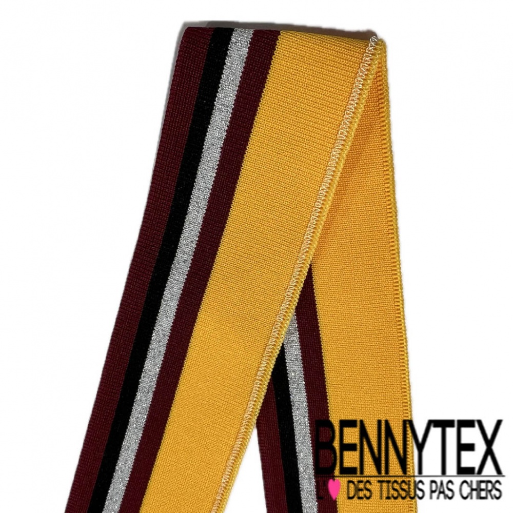 Bande bord cote bande noir bordeaux lurex argent fond jaune or
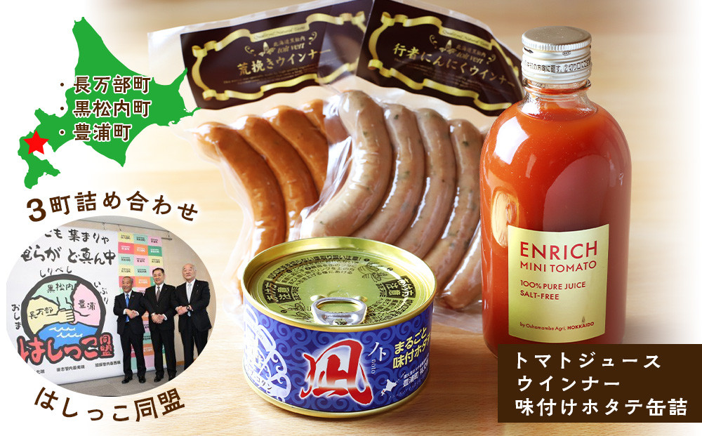 【はしっこ同盟(長万部・黒松内・豊浦)セット】トマトジュース・ウインナー・味付けホタテ缶詰 3町詰め合わせ
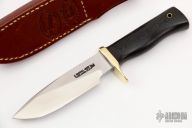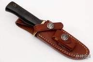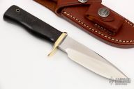 This Miniature model 28 features a satin finished drop point blade with notched thumbrest, .178" blade stock and .911" blade depth, full tang construction. The handle has a brass guard, black micarta grip and lanyard hole. Each miniature Randall model has a transponder in the handle matching the serial number of the knife, in this case "RKS 730/4334". Comes with brown leather sheath. Excellent condition.
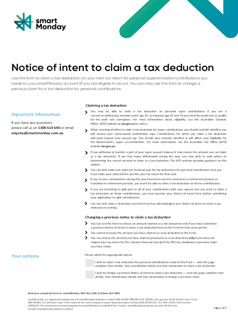 Notice of intent to claim a tax deduction Use this form to claim a tax deduction on your next tax return for personal superannuation contributions you made to your smart Monday account (if you are
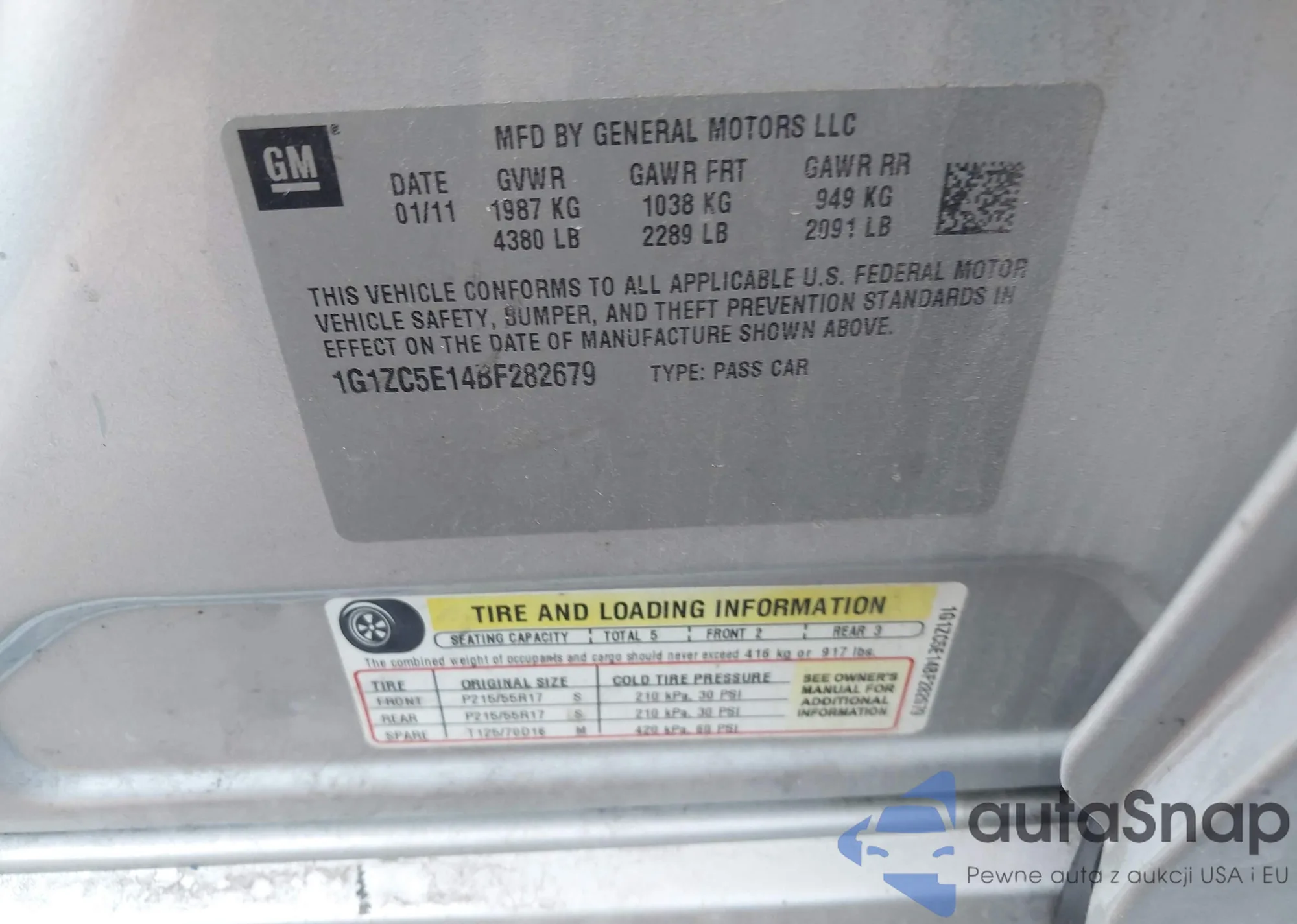 • VIN 1G1ZC5E14BF282679
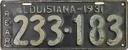 1931 | Embossed white serial on dark blue plate with border line; "LOUISIANA–1931" centered at top; vertical "FRONT" or "REAR" at left | none | 123-456 | 1 to approximately 249-000 | |
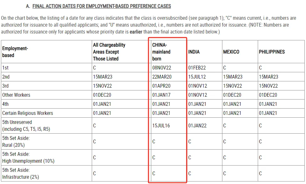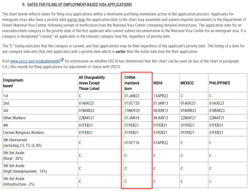 二、11月美国职业移民排期(表B)
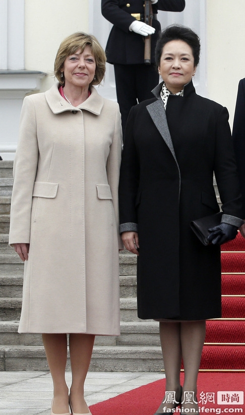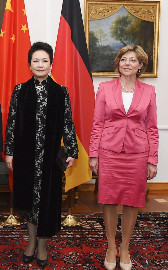 德国第一女友夏迪特迎接来访的彭丽媛。

> DIRECTIONS: Take the whole listing above and copy it exactly. Pictures do not go into the copy.

> SOLVED EXERCISE:
 Bande bord cote bande noir bordeaux lurex argent fond jaune or
 【はしっこ同盟(長万部・黒松内・豊浦)セット】トマトジュース・ウインナー・味付けホタテ缶詰 3町詰め合わせ
 This Miniature model 28 features a satin finished drop point blade with notched thumbrest, .178" blade stock and .911" blade depth, full tang construction. The handle has a brass guard, black micarta grip and lanyard hole. Each miniature Randall model has a transponder in the handle matching the serial number of the knife, in this case "RKS 730/4334". Comes with brown leather sheath. Excellent condition.
 Notice of intent to claim a tax deduction Use this form to claim a tax deduction on your next tax return for personal superannuation contributions you made to your smart Monday account (if you are
 • VIN 1G1ZC5E14BF282679
 1931 | Embossed white serial on dark blue plate with border line; "LOUISIANA–1931" centered at top; vertical "FRONT" or "REAR" at left | none | 123-456 | 1 to approximately 249-000 | |
 二、11月美国职业移民排期(表B)
 德国第一女友夏迪特迎接来访的彭丽媛。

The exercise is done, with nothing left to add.